We also consider two widely-used parallel skeletons:

• A Farm (\(\varDelta \)) skeleton, \(\varDelta ( nwCPU , nwGPU ,f,x)\), represents the application of a single function, f, to the sequence of independent inputs,

  \(x_1,x_2,x_3,\ldots ,x_n\), in parallel. In the farm implementation that we consider, a specific number of worker threads is created, and the inputs are assigned to these worker threads in a round-robin fashion. Here nwCPU/nwGPU are, respectively, the number of worker threads executed on CPUs/GPUs.

• The Pipeline (\(\parallel \)) skeleton applies the composition of the functions

  \(f_1, f_2, \ldots , f_n\), in parallel to a sequence of independent inputs \(x_1,x_2,\ldots ,x_m\), where the output of \(f_i\) is the input to \(f_{i+1}\). Parallelism arises from the fact that \(f_i(x_j)\) can be computed in parallel with \(f_{i+1}(f_i(x_{j-1}))\). In the implementation that we consider, a separate thread is assigned to each pipeline stage (function \(f_i\)). We denote the pipeline skeleton by \((f_1 \parallel f_2 \parallel \dots \parallel f_n)(x) \). Note that the pipeline skeleton does not accept the number of workers as an input, because a pipeline stage is always executed in one thread. If we want multiple threads to execute a single pipeline stage, to parallelise processing of items from its inputs, we compose it with the farm skeleton.

We also allow nested skeletons. It is, therefore, possible to, for example, nest a pipeline inside a farm, \(\varDelta (nwCPU,nwGPU,f1 \parallel f2, x)\). A skeletal configuration abstracts over the skeleton parameters (e.g. the number and type of workers in a farm), thus focusing only on the nesting structure of the skeletons. In a skeletal configuration, we denote \(\varDelta ( nwCPU , nwGPU ,f,x)\) simply by \(\varDelta (f)\), and \((f_1 \parallel f_2 \parallel \dots \parallel f_n)(x)\) by \(f_1 \parallel f_2 \dots \parallel f_n\). For example, the skeletal configuration \(\varDelta (f) \parallel (g \circ \varDelta (h))\) denotes a pipeline of two stages, (1) a farm whose worker function is f, and (2) a sequential composition of function g with a farm whose worker function is h.

2.2 Refactoring

Refactoring is the process of changing the structure of a program while preserving its functional semantics in order, for example, to increase code quality, programming productivity and code reuse. The term refactoring was first introduced by Opdyke in his PhD thesis in 1992 [22], and the concept goes back at least to the fold/unfold system proposed by Burstall and Darlington in 1977 [10]. Refactoring is a semi-automatic approach that is much more general than fully automated parallelisation techniques, which typically only work for a very limited range of cases under limited conditions. Additionally, unlike simple loop parallelisation, refactoring is applicable to a much wider range of possible parallel structures, since the parallelism is introduced in a controlled way via skeletons.
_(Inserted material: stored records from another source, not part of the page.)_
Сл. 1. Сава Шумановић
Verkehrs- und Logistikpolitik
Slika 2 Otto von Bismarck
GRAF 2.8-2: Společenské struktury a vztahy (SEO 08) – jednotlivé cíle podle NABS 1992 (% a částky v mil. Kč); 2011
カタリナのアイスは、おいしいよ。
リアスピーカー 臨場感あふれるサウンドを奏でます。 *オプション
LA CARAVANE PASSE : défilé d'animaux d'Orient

In this paper we make use of a refactoring extension [7] for Eclipse, that introduces and tunes parallelism in C++ by introducing a nesting of skeletons into the application semi-automatically by user-guidance.
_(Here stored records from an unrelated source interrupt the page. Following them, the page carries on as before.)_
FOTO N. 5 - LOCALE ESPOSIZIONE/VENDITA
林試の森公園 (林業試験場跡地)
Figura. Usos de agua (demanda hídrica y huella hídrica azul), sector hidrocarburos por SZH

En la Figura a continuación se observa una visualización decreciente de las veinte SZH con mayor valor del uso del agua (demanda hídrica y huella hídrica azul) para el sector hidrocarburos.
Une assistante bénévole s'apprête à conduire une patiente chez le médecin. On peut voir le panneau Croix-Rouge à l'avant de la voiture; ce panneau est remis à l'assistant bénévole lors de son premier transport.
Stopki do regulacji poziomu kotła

3 Programming Heterogeneous Parallel Machines

In this section we introduce a new parallel programming technique aimed at increasing the programmability of heterogeneous parallel systems. Our technique aims to support both the inexperienced parallel programmer with little knowledge on parallel programming techniques; and also the experienced parallel programmer, who seeks to maximize productivity with the appropriate tool support to automate the process. Our general technique is shown in Fig. 1 and comprises a number of steps, described below.

1. 1.

   Identifying initial structure. The programmer starts with a (possibly parallel) application. The first step is to identify an initial skeleton structure in the code corresponding to the skeletons defined in Sect. 2. This skeleton structure is recorded in a text file, which encapsulates the basic sequential structure of the algorithm, together with its basic units of computation (components) and tasks. Components correspond to functions of the source code. We also record what implementations (CPU, GPU or both) exist for which components.
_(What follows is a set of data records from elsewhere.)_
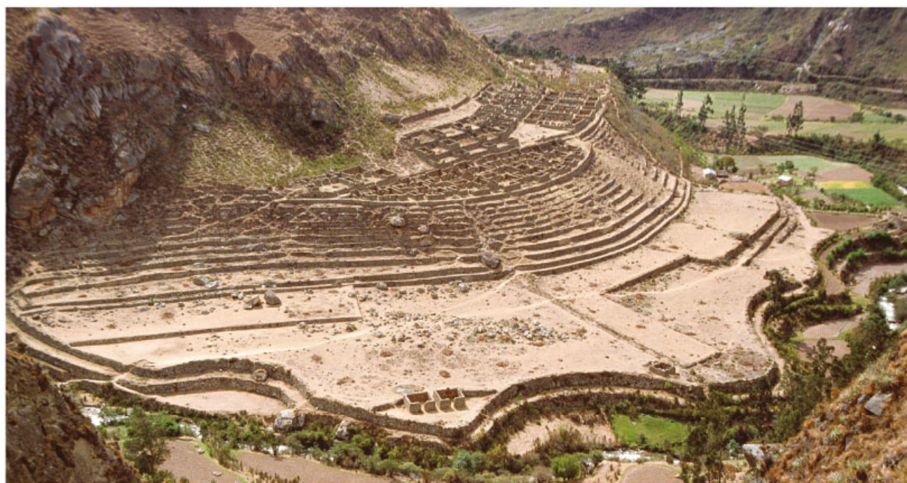
Camino inca, ruinas de Llactapata, Perú.

Entre sus principales cultivos estaban el maíz, la papa y la coca, planta cuyas hojas se usaban en las ceremonias religiosas y posiblemente para adaptarse a la altura, pues algunos de sus territorios estaban a 4 000 metros sobre el nivel del mar.
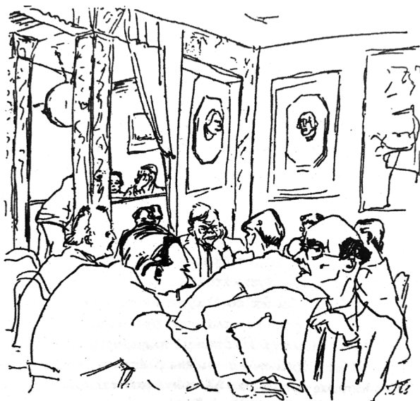
στο καφενείο “Σβάννεκε”, το στέκι των Βερολινέζων καλλιτεχνών και διανοούμενων
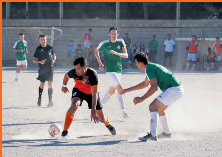
El Calaceite venció hace dos semanas ante el Valdealgofra.
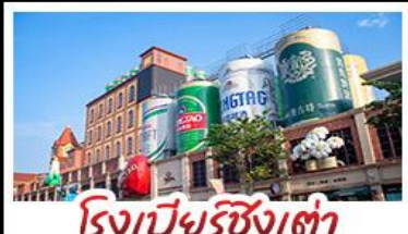
โรงเบียร์ชิงเต่า
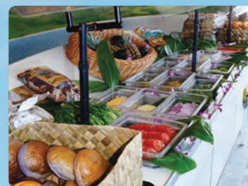
BBQピュッフェランチ オプション グルメのトッピング
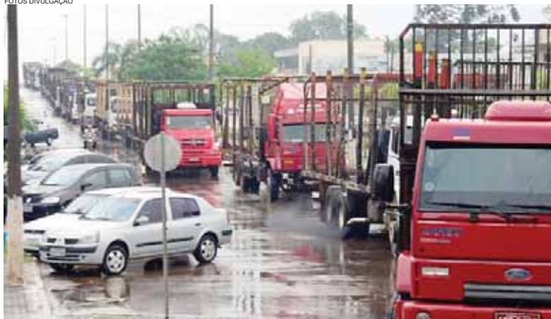
Caminhoneiros protestaram ontem fechando ruas no centro

Um protesto de transportadores autônomos de madeira bruta, terceirizados da Araupel, deu ontem uma dimensão do clima de tensão enfrentado por empresários, moradores e trabalhadores em Quedas do Iguaçu. O MST impede o acesso de caminhões a áreas de corte desde o último dia 4 e, sem matéria-prima, a reflorestadora reduziu drasticamente seu volume de trabalho. Sem receber, os transportadores temem não ter dinheiro para honrar os financiamentos dos caminhões. | Oeste 10
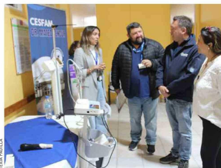
El alcalde se reunió con directivos del Cesfam para inspeccionar los mejoramientos.
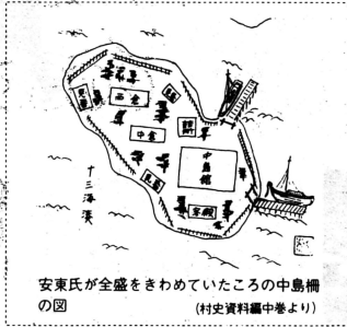
安東氏が全盛をきわめていたころの中島の図 (村史資料編中巻より)

安東水軍の船頭になるためには、さまざまな試験を経て、体格、人格、技術等が衆人にすぐれていなければ
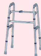
セーフティーアーム ウォーカー・スリム(P93)
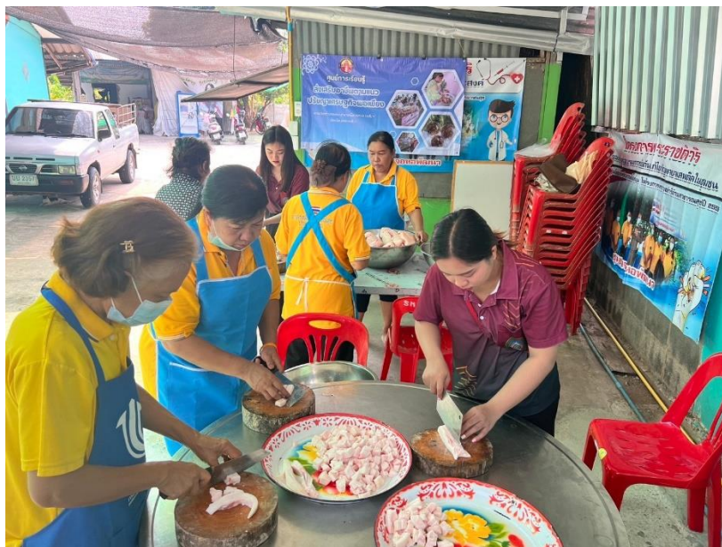
ภาพที่ 1 ผู้เข้าร่วมกิจกรรมจัดเตรียมวัตถุดิบ เพื่อทำน้ำพริกจากหมู
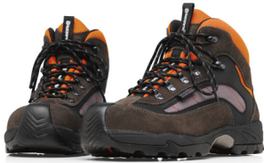
BOTTES DE PROTECTION TECHNICAL 575 35 47-42
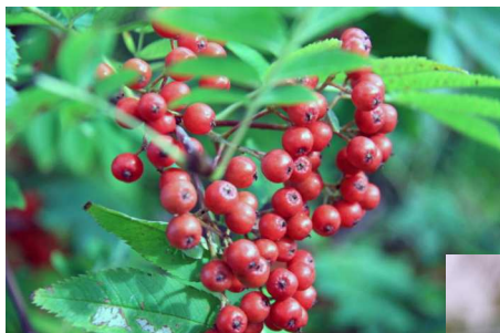
村の木「ナナカマド」
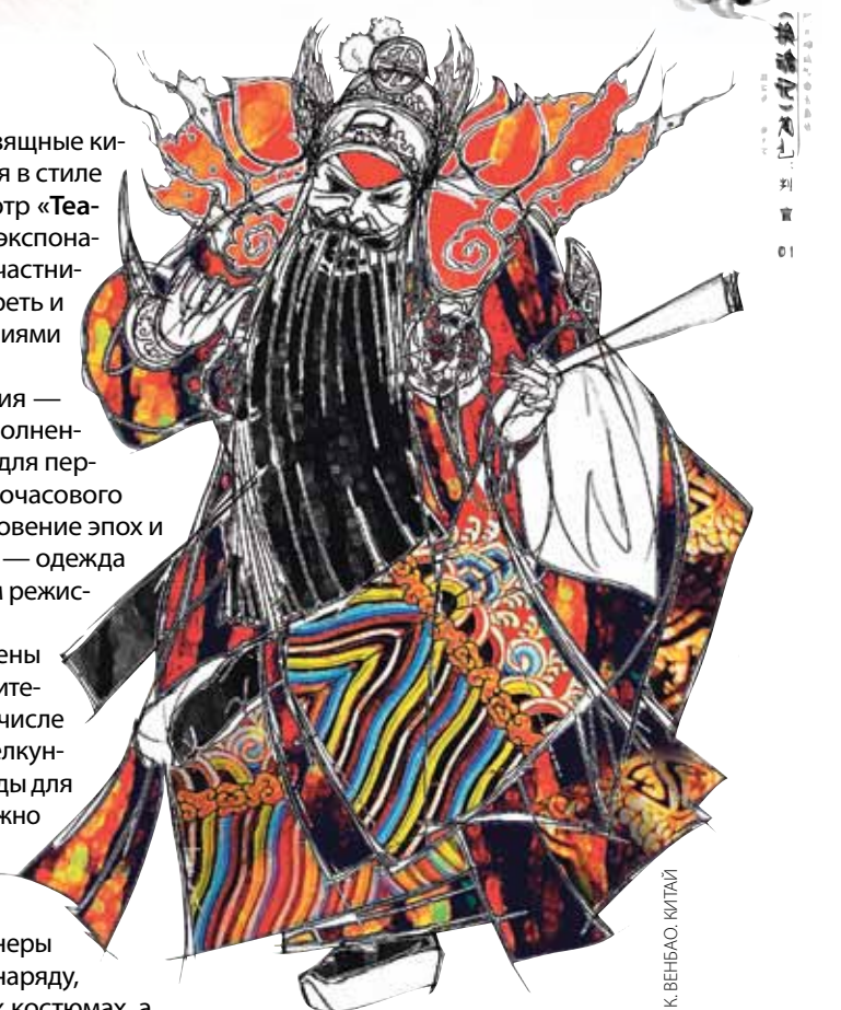
К. ВЕНЕАО. МТМ

В целом в моде эклектика и постмодернистские цитаты: скажем, дизайнеры запросто могут приделать гофрированный воротник к современному наряду, состоящему из шорт и тогика. Насколько уютно актерам в подобных костюмах, а также как это сочетается с оригинальной пьесой или либретто, — уже другой вопрос.

   As a simple example, consider the piece of code in Fig. 2 at lines 162–166.

   The structure of this code is a composition of two functions, read_image and rprocess_image, on a stream of input files, imageFiles. Components are the functions read_image and process_image, and the tasks are applications of these functions to the elements of the array, imageFiles. We might only have a CPU implementation of the read_image function, and both CPU and GPU implementations (kernels) of the process_image function. Using the notation from Sect. 2, we can denote this by \(r \circ p\), where r is read_image function, p is process_image function, and \(\circ \) is the sequential composition.

2. 2.

   Profiling. After we have identified the skeleton structure of the application and its components, we do time profiling of the components. That is, we run each available version (CPU or GPU) of each component on a sample of input tasks in order to determine the average time it takes for each component to process one input task. In the case of the GPU computation, this also includes the time it takes to transfer the data to/from the GPU. This timing information is used in subsequent steps of our methodology. This step is carried out manually by the programmer, and its time complexity depends on the runtime of components for the sampled inputs.

   In our working example, using profiling we can obtain information that running CPU version of read_image on one image takes 0.2 ms, running CPU version of process_image on one image takes 6.6 ms and running GPU version of process_image on one image takes 0.08 ms.

3. 3.

   Enumerating Skeleton Configurations. Given the text file with the identified skeleton from the original application, produced in step 1, all possible equivalent skeleton configurations are automatically generated (up to a given depth of nesting) resulting in a number of different possible parallelisations. Given an initial configuration, each composition (\(\circ \)) can be transformed into a parallel pipeline (\(\parallel \)) and a farm skeleton (\(\varDelta \)) can be introduced for any skeleton configuration.¹ Similarly the inverse of these transformations can also be applied; for example, we can transform a parallel pipeline into a sequential composition, or eliminate a farm skeleton altogether. This step is computationally very cheap and fully automatic.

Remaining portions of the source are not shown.